Active learning is a special case of semi-supervised machine learning in which a learning algorithm is able to interactively query the user (or some other information source) to obtain the desired outputs at new data points. In statistics literature it is sometimes also called optimal experimental design. There are situations in which unlabeled data is abundant but manually labeling is expensive. In such a scenario, learning algorithms can actively query the user/teacher for labels. This type of iterative supervised learning is called active learning. Since the learner chooses the examples, the number of examples to learn a concept can often be much lower than the number required in normal supervised learning.

Association Rules

Detect relationships or associations between specific values of categorical variables in large data sets. Market basket analysis: uncover hidden patterns in large data sets, such as “customers who order product A often also order product B or C” or “employees who said positive things about initiative X also frequently complain about issue Y but are happy with issue Z.”

Bayes Theorem

P(A | B) = P(B | A) * P(A) / P(B); P(A) being the number of instances of a given value divided by the total number of instances; P(B) is often ignored since this equation is typically used in a probability ratio that compares two different values for A, with P(B) being the same for both

Bayesian Networks

Bayesian networks are a graphical formalism for representing the structure of a probabilistic model, i.e. the ways in which the random variables may depend on each other. Intuitively, they are good at representing domains with a causal structure, and the edges in the graph determine which variables directly influence which other variables. They can be equivalently viewed as representing a factorization structure of the joint probability distribution, or as encoding a set of conditional independence assumptions about the distribution.
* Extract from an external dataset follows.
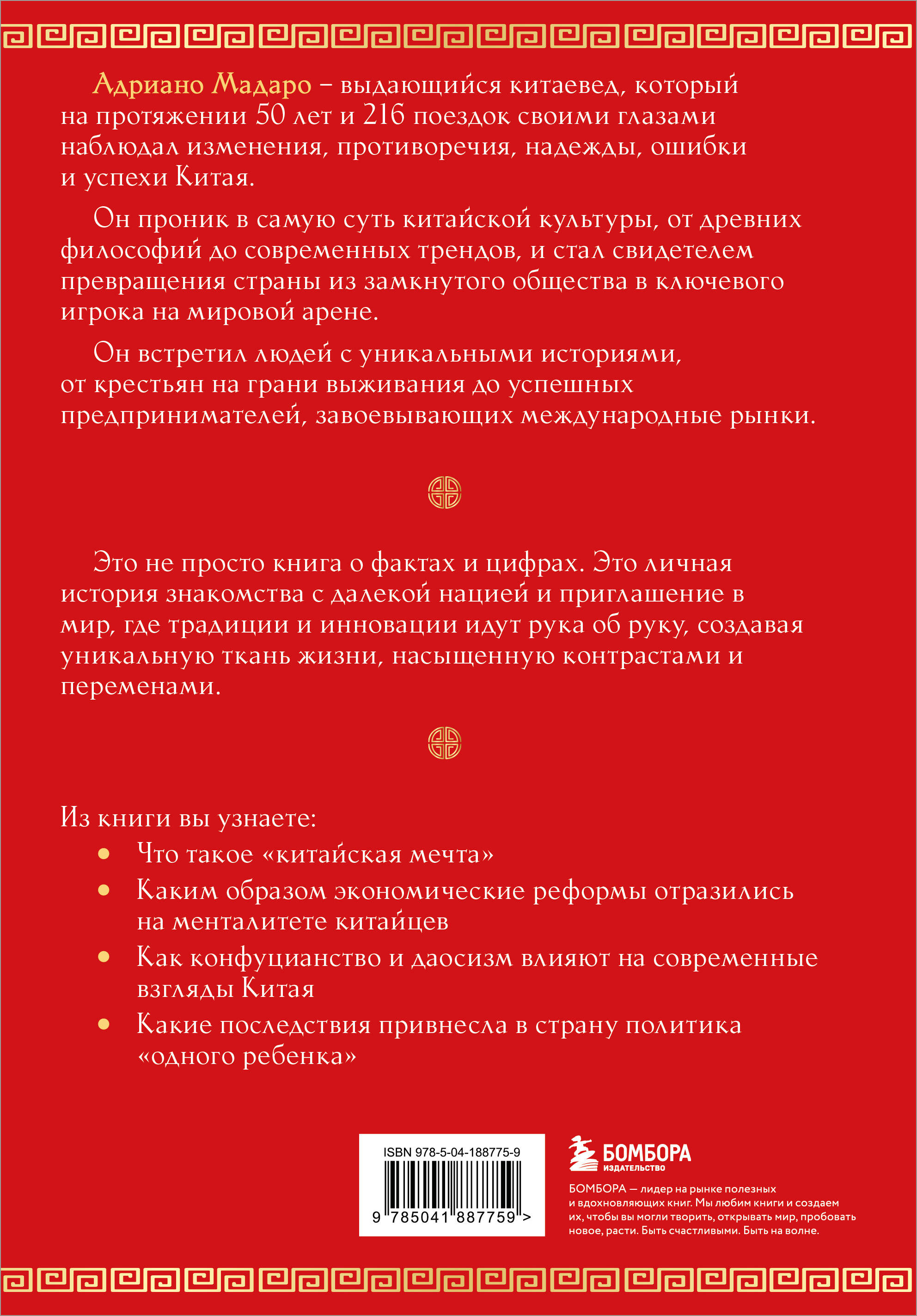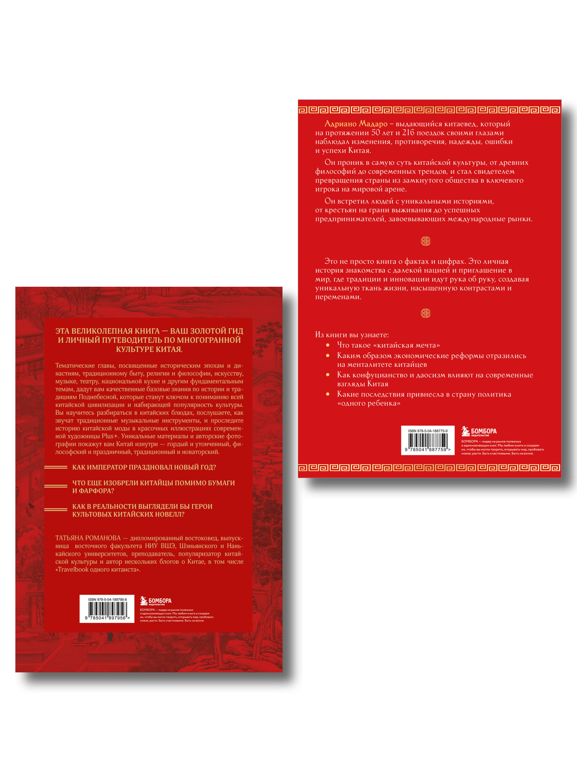 1. Адриано Мадаро. Вечный Китай. Полная история великой цивилизации Многие искатели приключений, исследователи и религиозные миссионеры пытались поведать миру о Поднебесной, однако лишь немногим удалось оценить всю глубину и многообразие этой огромной страны. Среди этих счастливчиков - Мадаро Адриано, автор этой книги и один из самых известных китаеведов в мире. За 50 лет он совершил 216 поездок Китай, наблюдал за трансформацией страны, видел ее противоречия и успехи, а также изучал причины ее ошибок и надежд. От времен Марко Поло до эпохи современного китайского социализма, от тибетского вопроса до напряженных отношений с Соединенными Штатами, от протестов в Гонконге до эпидемий загадочных вирусов - всё это рассказ о нации, которая играет ключевую роль в глобальной геополитике. Глубокое исследование, в которое вам посчастливится погрузиться благодаря этой книге, стремительно обогатит ваши познания и позволит преисполниться еще большей любовью к этой загадочной стране! 2. Татьяна Романова. Срединная империя. Золотой путеводитель по культуре Китая Гордый и самодостаточный Китай во все времена привлекал взгляды ближайших и дальних соседей. В эпоху Римской империи китайцы уже пользовались утюгами, при этом отношения "хозяин - раб" сохранялись в китайском обществе до середины прошлого века. Китаю удается сочетать в себе противоположности: мимолетную, ускользающую красоту мгновения, запечатленную в живописи и поэзии, и тысячелетия славной, местами брутальной истории; утонченное искусство ради искусства и инновационные технологии во всех сферах жизни человека; духовное и материальное. Благодаря своей противоречивости Китай не перестает удивлять, но вместе с тем никогда не изменяет себе. С этим уникальным культурным путеводителем вы узнаете все, что важно знать о китайской цивилизации в первую очередь. Вы начнете разбираться в исторических эпохах и династиях, традиционном китайском искусстве и ключевых традициях, без которых невозможно понять Поднебесную и ее жителей. Книга поделена на тематические главы, посвященные разным сферам жизни и культуры: краткой истории Китая, искусству, музыке, театру, жизненному укладу, мировоззрению, национальной кухне и другим. Великолепно подобранные иллюстрации и авторские фотографии покажут настоящую Срединную империю, как китайцы до сих пор с гордостью называют свою страну. О Китае популярно и увлекательно рассказывает Татьяна Романова - дипломированный востоковед, выпускница восточного факультета НИУ ВШЭ, Шэньянского и Нанькайского университетов, преподаватель, популяризатор китайской культуры и автор нескольких блогов о Китае.| Издательство | ООО "Издательство "Эксмо" |

Deeply understand the top 20 concepts

…

Discriminative vs. Generative

Discriminative models learn to discriminate between different inputs. For example, classifying images as containing a dog or not containing a dog is a discriminative task. An example of a discriminative model is a support-vector machine. Generative models usually involve probabilities and their distinguishing feature is that you can generate new data from them. For example, if you tried to estimate the probability distribution over images containing dogs and a different distribution over images not containing dogs, you would have generatively modeled the situation. You could use these distributions to sample new images of dogs (or new images not containing dogs). If you wanted to use this generative model for a discriminative task, you could: given an image, you could see which of the two distributions assigns higher probability to that image and then choose that as your result. Thus, there is a distinction here between discriminative model and discriminative task: it may be possible to use generative models for discriminative tasks.

Elastic Nets

…

Ensemble Learning

Machine learning approach that combines the results from many different algorithms, whose combined vote (from the ensemble) provides a more robust and accurate predictive output than any single algorithm can muster.

Factor Analysis

used as a variable reduction technique to identify groups of clustered variables. (submitted by Vincent Granville)

Feature Scaling

Different features will have different effects on the accuracy of classifications. A scaling factor can be used for each feature to reduce its effect on the classification, possibly to 0. These scales can be optimized to not only improve classifications, but to also show the relative importance of the features.

Feature Selection

…

Frequentist vs. Bayesian

The Bayesian view is essentially that everything should be done with Bayes’ rule: computing posterior probabilities by multiplying priors with likelihoods. In a Bayesian approach, you usually have a posterior distribution over models. Then, if you want to use this model for something, like making a prediction, you integrate over your posterior distribution of models to get a sort of “expected value” of the thing you are trying to predict. Frequentist is often used to mean not Bayesian. In a frequentist approach, you typically find a “best” solution (i.e., model) to the problem you are trying to solve. You then use this best model to make the prediction. I believe there is a relationship between the frequentist approach and discriminative models, and likewise for the Bayesian approach and generative models.

Generative Approach

Models the measurements in each class. It is more work, but it can exploit more prior knowledge, needs less data, is more modular, and can handle missing or corrupted data. Methods include mixture models and Hidden Markov Models.

Graph Databases

they use graph structures (a finite set of ordered pairs or certain entities), with edges, properties and nodes for data storage. It provides index-free adjacency, meaning that every element is directly linked to its neighbour element.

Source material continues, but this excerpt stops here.